An airplane with a speed of 85.3 m/s is climbing upward at an angle of 45.0 ° with respect to the horizontal. When the plane's altitude is 587 m, the pilot releases a package. (a) Calculate the distance along the ground, measured from a point directly beneath the point of release, to where the package hits the earth. (b) Relative to the ground, determine the angle of the velocity vector of the package just before impact.

what I'm doing is that Im finding voy=sin45*85.3=60.32
then i'm finding the time by using the equation vot+0.5at^2
then i'm using the equation D=v*t to find the distance, but i'm getting the wrong answer. pls help clarify the steps and what i'm doing wrong.

Vi = 60.32 yes

u = 85.3 cos 45 = 60.32 also but forever

v = Vi + a t = 60.32 -9.81 t
so at top when v = 0
t = 6.15 seconds coasting up

h at top = Hi + Vi t -4.9 t^2
= 587 + 60.32 (6.15) - 4.9(6.15^2)
= 773 meters high at 6.15 seconds when fall starts

now it falls
773 = 4.9 t^2
t = 12.6 second fall
so
total time after relaese = 12.6+6.15 = 18.7 seconds at horizontal velocity 60.32
d = 18.7 * 60.32 = 1,128 meters

velocity
u = 60.32 we know
v = g t = 9.81*12.6 = 124 down, negative really

speed = sqrt (u^2+v^2) = 138 m/s
angle down from horizontal = A
tan A = v/u = 124/60.32
A = 64 degrees below horizontal

thank you very much Damon.
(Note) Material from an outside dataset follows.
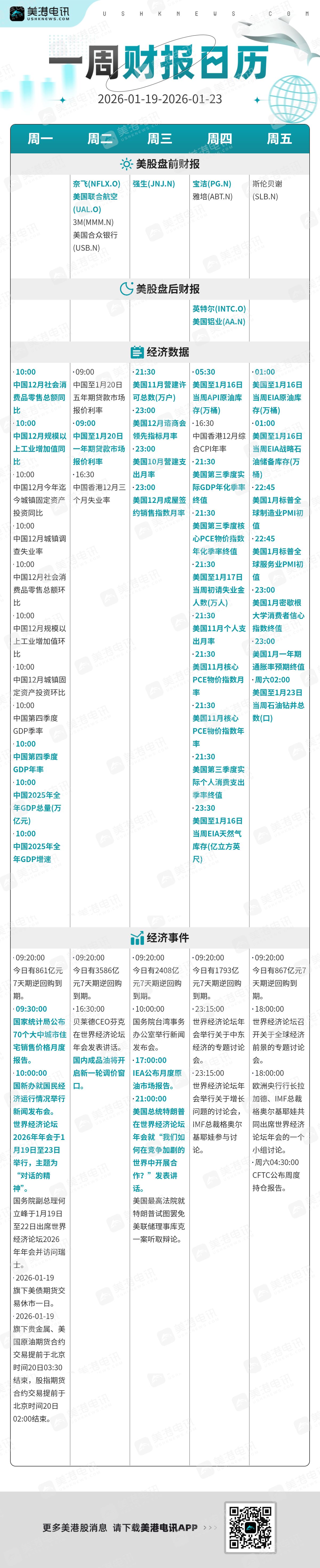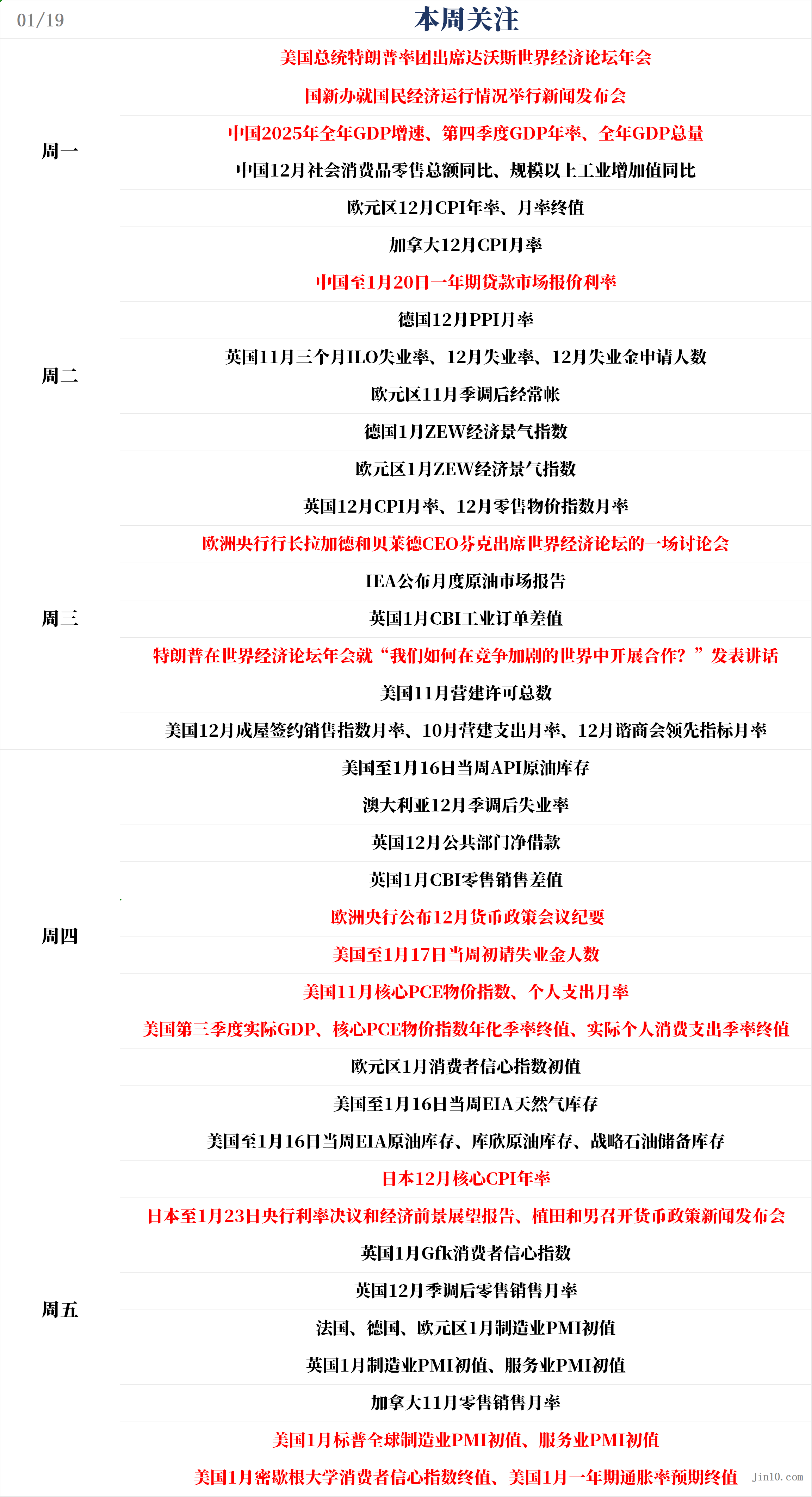 瑞士达沃斯世界经济论坛的核心价值观——协调全球经济秩序——正面临考验。特朗普预计将出席,他的关税政策、对委内瑞拉的军事干预以及收购格陵兰岛的威胁是否会成为讨论议题将是一大看点。 此外,任何关于他与鲍威尔之间纠葛的言论都可能引发市场高度关注。

It is much clear now, since u explained it step by step.

To find the distance along the ground, measured from a point directly beneath the point of release, where the package hits the earth, we need to break down the problem into horizontal and vertical components.

(a) Let's first calculate the time it takes for the package to hit the ground. We know that the vertical component of the initial velocity is 60.32 m/s (found correctly) and that the acceleration due to gravity is 9.8 m/s². We can use the equation to calculate the time (t) it takes for the package to hit the ground:

0 = voy - gt

Substituting the given values:

0 = 60.32 - 9.8t

Rearranging the equation:

9.8t = 60.32

t = 60.32 / 9.8 ≈ 6.16 s

Now that we have the time (t), we can find the horizontal distance (D) traveled by the package. The horizontal component of the initial velocity is also 60.32 m/s, and the time is 6.16 s. We can use the equation to calculate the horizontal distance:

D = vox * t

Substituting the given values:

D = (cos 45°) * 85.3 m/s * 6.16 s

Remember to use the cosine function for the horizontal component since it is adjacent to the angle. The cosine of 45° is 0.707.

D ≈ 0.707 * 85.3 * 6.16 ≈ 366.3 m

Therefore, the distance along the ground, measured from a point directly beneath the point of release, to where the package hits the earth is approximately 366.3 meters.

(b) To find the angle of the velocity vector of the package just before impact, we can use trigonometry. The velocity vector just before impact consists of both horizontal and vertical components. We can find the resultant velocity using the Pythagorean theorem:

v^2 = vx^2 + vy^2

Substituting the known values:

v^2 = (60.32 m/s)^2 + (60.32 m/s)^2

v^2 = 3638.22 m^2/s^2

Taking the square root of both sides:

v ≈ 60.32 m/s

To find the angle (θ) of the velocity vector, we can use the inverse tangent function:

θ = tan^(-1) (vy / vx)

Substituting the known values:

θ = tan^(-1) (60.32 m/s / 60.32 m/s)

θ ≈ tan^(-1) (1) ≈ 45°

Therefore, the angle of the velocity vector of the package just before impact, relative to the ground, is approximately 45°.